Anatomical basis of clinical features of Erb's palsy and Klumpke's paralysis
Pathophysiology of Klumpke's paralysis: Injury to the lower brachial plexus (C8-T1 roots) leading to motor and sensory impairments
Klumpke's paralysis results from lower brachial plexus injury (C8-T1), leading to claw hand deformity and sensory loss.

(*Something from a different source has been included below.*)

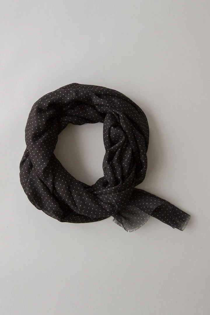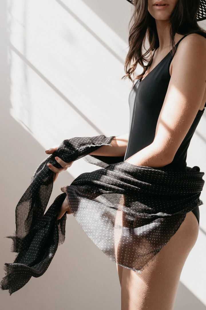 We are totally obsessed with spots! This classic lightweight black scarf with sand spots is perfect for all year round. Works with all your basic cottons and is handy as a wrap at the beach with your bikini or for a little bit of shade. Finished with a fringed edge; you’ll always keep this one handy in your bag if it’s not on your neck.
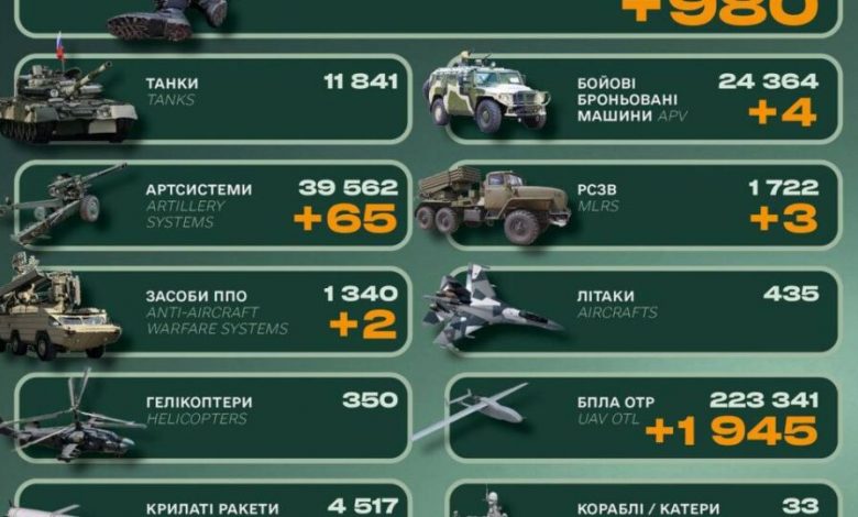 Окупаційна російська армія за минулу добу втратила 980 одиниць особового складу та 5 бойових броньованих машин.

Proper diagnosis and management can improve patient outcomes.
Anatomical Basis of Clinical Features of Erb's Palsy and Klumpke's Paralysis
Introduction
Erb's palsy and Klumpke's paralysis are two distinct brachial plexus injuries affecting different nerve roots.
Pathophysiology of Klumpke's Paralysis
Klumpke's paralysis occurs due to damage to the lower brachial plexus (C8-T1 roots), leading to motor and sensory deficits primarily in the hand and forearm.
Clinical Features
- Weakness or paralysis of intrinsic hand muscles
- Claw hand deformity
- Loss of sensation along the medial aspect of the forearm and hand
Diagnosis and Management
Diagnosing Klumpke's paralysis involves clinical examination and electrophysiological studies. Treatment may include physiotherapy and surgical intervention.
Conclusion
Understanding the anatomical basis of Klumpke's paralysis helps in accurate diagnosis and effective management.